Raymond James Chief Investment Strategist Jeffrey Saut believes advisors and their clients need to get in tune with the markets. “I see good markets through July or August,” he said to a packed crowd at the firm’s annual independent-advisor conference in Dallas in late April.
Saut also emphasized something he’s been saying in his regular blogs for the broker-dealer: “There’s a decent probability that we are in a secular bull market that has a decade or so to run.”
The investment expert told advisors (in his April 22 note), “I don’t think that ‘sell in May’ kind of strategy is going to work this year,” pointing to the fact that the market is “far from the overextended levels reached at the prior peaks of early 2000 and October of 2007.”
Stocks do not look overvalued, he added. “Indeed, on a trailing EPS basis the SPX is trading at 15.1 times trailing earnings and 13.7 times forward estimates. Juxtapose that to 25.1 times estimates in 2000 and 15 times at the 2007 peak.”
There are many factors driving his positive outlook, including higher housing prices, the return of manufacturing to the U.S. and the growth of the energy sector.
The expert pointed to the continued growth of the middle class in many overseas markets as another significant and positive long-term trend. Some 46% of the S&P 500 companies’ sales, and 40% of profits, come from outside the U.S., he said. “Meanwhile, recession risks from Europe are fading.”
If the markets take a quick tumble, Saut says to jump in: “Accordingly, any correction affords investors the opportunity for new buying in favorably rated stocks. Indeed, if you want to catch a wave you have got to grab a board and get into the water!”

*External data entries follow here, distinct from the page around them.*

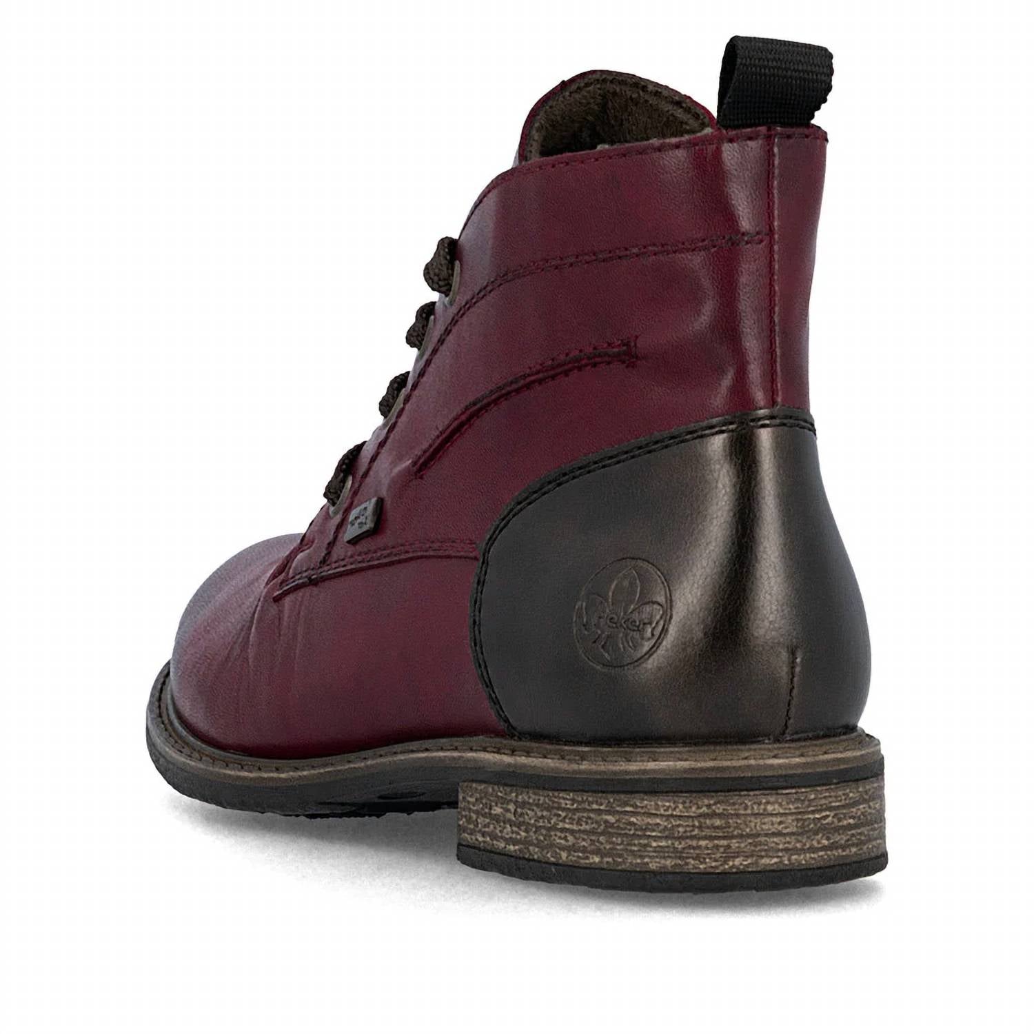 A stylish lace-up boot with a comfortable fit and classic design. Versatile enough to wear with almost every outfit, your closet and feet will be thanking you. Step out in style with the Women's 74804 Lace-up Boots by RIEKER, crafted in rich Vino/Antik leather. These boots combine lace-up appeal with a convenient zipper closure for optimal support. Featuring a low 1.18-inch block heel, these boots ensure comfort with a padded, removable insole and extra width for added space. Designed with a water-repellent RiekerTEX membrane, they are perfect for fall travel, promising warmth and dry feet even on chilly days.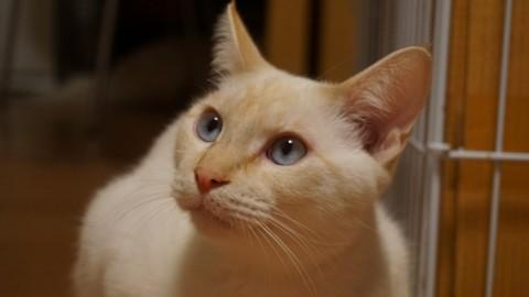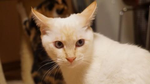 全体が白 耳先、尻尾はクリーム色 青い目 長尾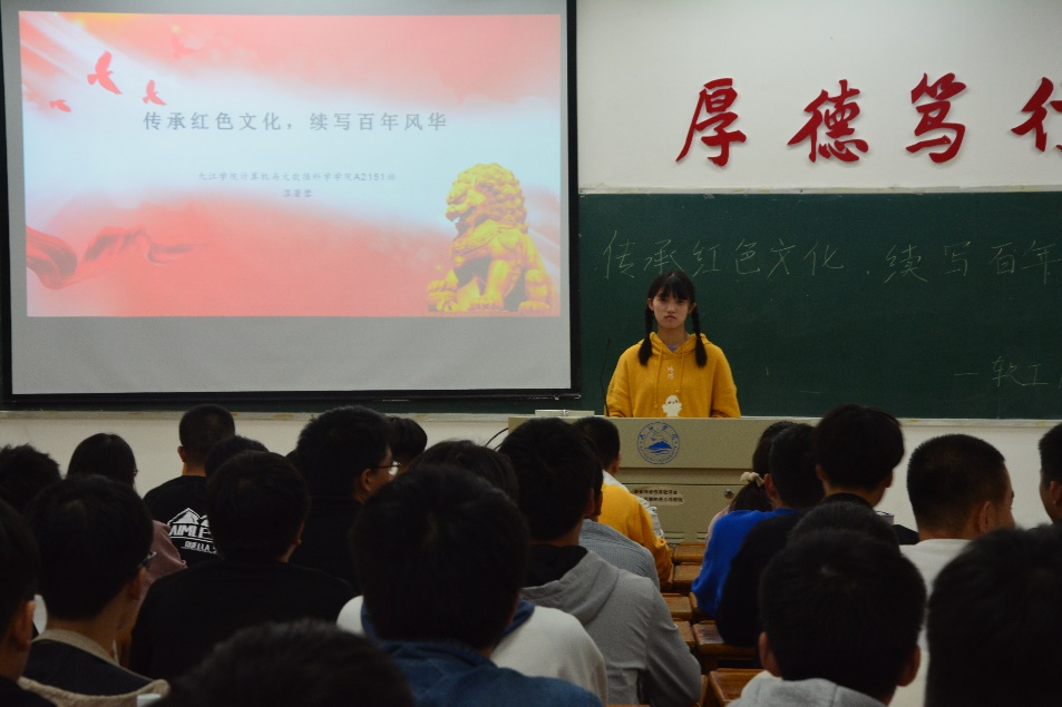 活动采用ppt与视频结合的方式,一张张具有时代性的经典图片和视频讲述,让同学们感受到了那个峥嵘岁月革命先烈前仆后继的奉献精神。从开天辟地的红船会议,到困难重重的万里长征;从象征希望的延安圣地,到繁荣昌盛的今天。各班负责人呼吁大家牢记历史,牢记使命,不忘先烈无畏牺牲的精神。生于当下,我们要将红色文化传承好,更好地续写百年风华。

Meanwhile, Charles Schwab Chief Investment Strategist Liz Ann Sonders has been telling advisors that the U.S. is truly undergoing a manufacturing and energy renaissance, particularly in recently depressed Midwestern states such as North Dakota, Sonders said in a keynote address before the Financial Planning Association’s New York chapter in early May.
“Someone asked me in a Q&A, ‘What’s your favorite emerging market?’ and ‘Middle America’ was what came out of my mouth,” said Sonders at FPA-New York’s annual summit. “Now when I’m asked what’s my favorite emerging market, I answer Middle America.”
Thanks to this renaissance, U.S. is “not just paper wealth” anymore, she said, predicting that U.S. household net worth would hit an all-time high in 2013.For every 100 jobs created in petroleum refining, another 1,190 additional related jobs are created, Sonders noted.
Further, she recalled a recent trip to China, where several representatives of the American Chamber of Commerce in China told her: “We think over the next 10 years, we’ll be bringing our business back to the U.S.”